--- Data shown ---
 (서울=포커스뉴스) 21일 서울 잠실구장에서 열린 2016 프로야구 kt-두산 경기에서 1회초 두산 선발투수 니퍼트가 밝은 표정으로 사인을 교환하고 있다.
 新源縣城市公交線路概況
---
--- Data shown ---
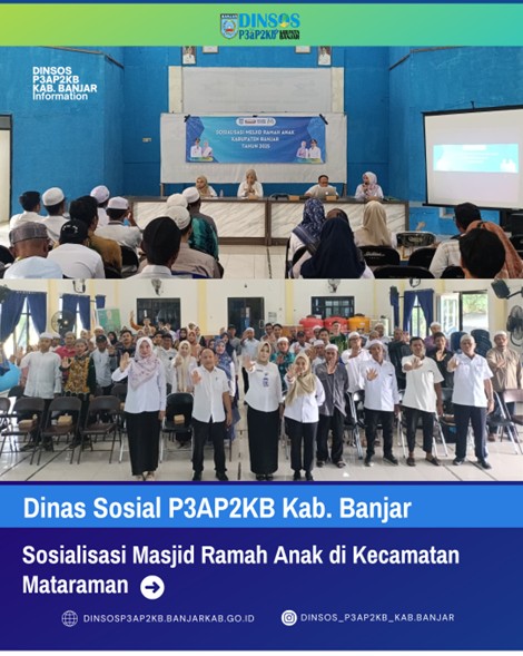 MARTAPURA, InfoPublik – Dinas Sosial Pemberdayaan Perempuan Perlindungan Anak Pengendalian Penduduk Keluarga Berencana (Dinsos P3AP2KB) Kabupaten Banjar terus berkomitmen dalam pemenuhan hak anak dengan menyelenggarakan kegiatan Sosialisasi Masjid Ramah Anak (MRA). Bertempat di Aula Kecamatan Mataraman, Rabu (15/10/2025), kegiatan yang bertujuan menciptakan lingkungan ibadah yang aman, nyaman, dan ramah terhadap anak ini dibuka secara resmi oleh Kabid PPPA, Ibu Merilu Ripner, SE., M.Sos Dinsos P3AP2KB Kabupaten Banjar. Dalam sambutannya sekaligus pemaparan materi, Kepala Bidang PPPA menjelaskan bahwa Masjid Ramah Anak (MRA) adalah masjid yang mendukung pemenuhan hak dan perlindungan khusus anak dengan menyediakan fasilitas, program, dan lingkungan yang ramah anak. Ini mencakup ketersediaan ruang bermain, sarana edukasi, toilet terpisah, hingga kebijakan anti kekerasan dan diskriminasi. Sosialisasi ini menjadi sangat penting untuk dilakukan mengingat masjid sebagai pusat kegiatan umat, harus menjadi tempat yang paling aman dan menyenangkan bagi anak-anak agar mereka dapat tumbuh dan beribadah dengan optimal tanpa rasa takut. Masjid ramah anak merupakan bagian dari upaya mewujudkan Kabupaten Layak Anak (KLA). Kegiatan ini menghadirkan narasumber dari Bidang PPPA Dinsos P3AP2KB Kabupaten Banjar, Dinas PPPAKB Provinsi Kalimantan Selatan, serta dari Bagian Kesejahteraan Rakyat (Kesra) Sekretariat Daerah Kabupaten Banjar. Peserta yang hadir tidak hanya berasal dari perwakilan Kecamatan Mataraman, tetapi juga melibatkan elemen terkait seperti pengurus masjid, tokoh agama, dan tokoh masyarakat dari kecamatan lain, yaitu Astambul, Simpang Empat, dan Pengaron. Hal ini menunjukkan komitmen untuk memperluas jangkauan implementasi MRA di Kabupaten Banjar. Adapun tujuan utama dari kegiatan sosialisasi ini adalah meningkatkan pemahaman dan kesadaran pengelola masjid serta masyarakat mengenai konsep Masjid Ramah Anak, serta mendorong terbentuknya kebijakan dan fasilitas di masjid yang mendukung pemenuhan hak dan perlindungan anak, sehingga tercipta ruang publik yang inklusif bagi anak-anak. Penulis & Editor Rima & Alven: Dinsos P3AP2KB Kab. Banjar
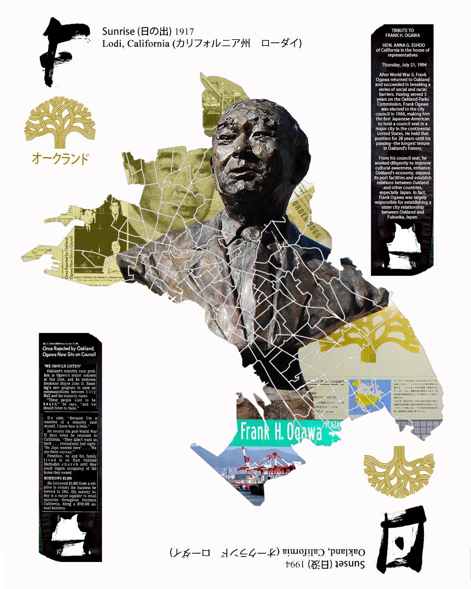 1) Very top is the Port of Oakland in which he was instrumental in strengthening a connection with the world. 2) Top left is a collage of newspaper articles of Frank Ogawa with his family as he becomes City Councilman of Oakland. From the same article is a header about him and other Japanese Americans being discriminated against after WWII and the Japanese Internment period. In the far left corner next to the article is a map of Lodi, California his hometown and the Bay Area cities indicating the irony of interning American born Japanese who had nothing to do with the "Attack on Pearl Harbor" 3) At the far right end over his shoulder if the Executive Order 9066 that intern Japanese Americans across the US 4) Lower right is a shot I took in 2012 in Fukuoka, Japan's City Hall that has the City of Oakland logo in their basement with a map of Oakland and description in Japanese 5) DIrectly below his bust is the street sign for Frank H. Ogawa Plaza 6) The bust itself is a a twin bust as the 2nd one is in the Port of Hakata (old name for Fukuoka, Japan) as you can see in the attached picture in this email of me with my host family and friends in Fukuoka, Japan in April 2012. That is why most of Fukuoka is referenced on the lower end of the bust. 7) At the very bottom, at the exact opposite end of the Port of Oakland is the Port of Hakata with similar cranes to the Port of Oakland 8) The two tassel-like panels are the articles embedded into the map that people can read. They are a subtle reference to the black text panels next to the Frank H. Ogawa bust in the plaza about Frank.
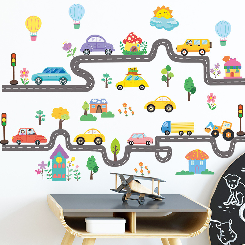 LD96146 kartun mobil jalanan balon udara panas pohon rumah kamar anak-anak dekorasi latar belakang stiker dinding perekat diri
---
--- Data shown ---
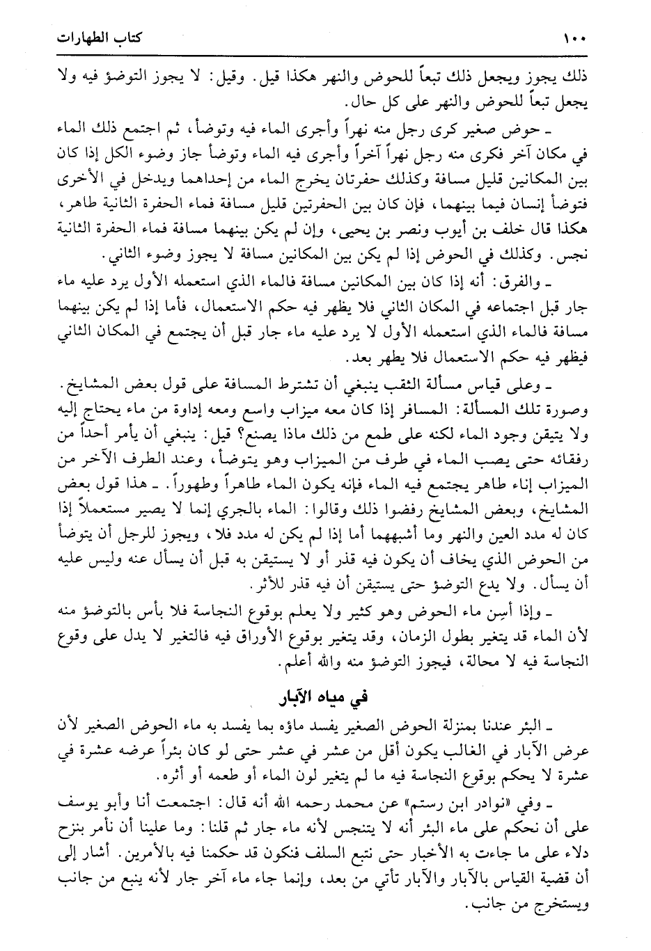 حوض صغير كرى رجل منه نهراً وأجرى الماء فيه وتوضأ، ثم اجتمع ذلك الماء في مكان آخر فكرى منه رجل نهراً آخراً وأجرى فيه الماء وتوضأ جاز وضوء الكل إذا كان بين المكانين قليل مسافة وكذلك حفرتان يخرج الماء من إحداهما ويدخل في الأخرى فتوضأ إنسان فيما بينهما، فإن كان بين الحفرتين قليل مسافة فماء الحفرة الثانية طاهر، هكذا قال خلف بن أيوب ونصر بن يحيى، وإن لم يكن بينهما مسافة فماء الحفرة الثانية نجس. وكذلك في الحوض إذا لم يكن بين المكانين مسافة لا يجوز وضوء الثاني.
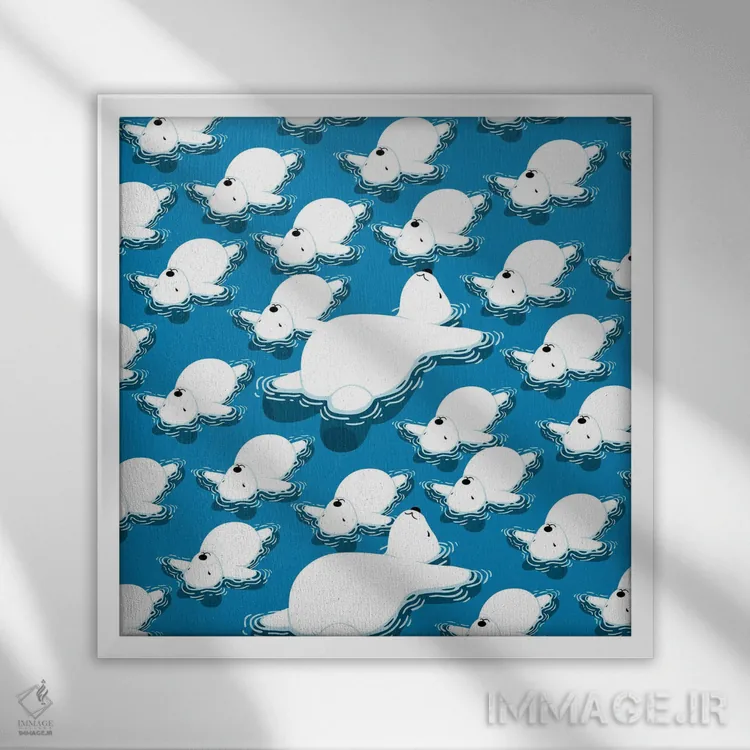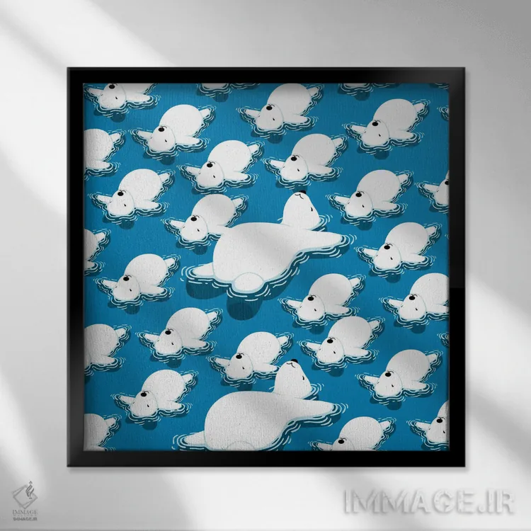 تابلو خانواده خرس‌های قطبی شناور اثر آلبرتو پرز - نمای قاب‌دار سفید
---
Would you write out exactly the lines above, starting at the line containing "حوض صغير كرى" and stopping after the line containing "تابلو خانواده خرس‌های"? Omit the pictures.

The completed task:
 حوض صغير كرى رجل منه نهراً وأجرى الماء فيه وتوضأ، ثم اجتمع ذلك الماء في مكان آخر فكرى منه رجل نهراً آخراً وأجرى فيه الماء وتوضأ جاز وضوء الكل إذا كان بين المكانين قليل مسافة وكذلك حفرتان يخرج الماء من إحداهما ويدخل في الأخرى فتوضأ إنسان فيما بينهما، فإن كان بين الحفرتين قليل مسافة فماء الحفرة الثانية طاهر، هكذا قال خلف بن أيوب ونصر بن يحيى، وإن لم يكن بينهما مسافة فماء الحفرة الثانية نجس. وكذلك في الحوض إذا لم يكن بين المكانين مسافة لا يجوز وضوء الثاني.
 تابلو خانواده خرس‌های قطبی شناور اثر آلبرتو پرز - نمای قاب‌دار سفید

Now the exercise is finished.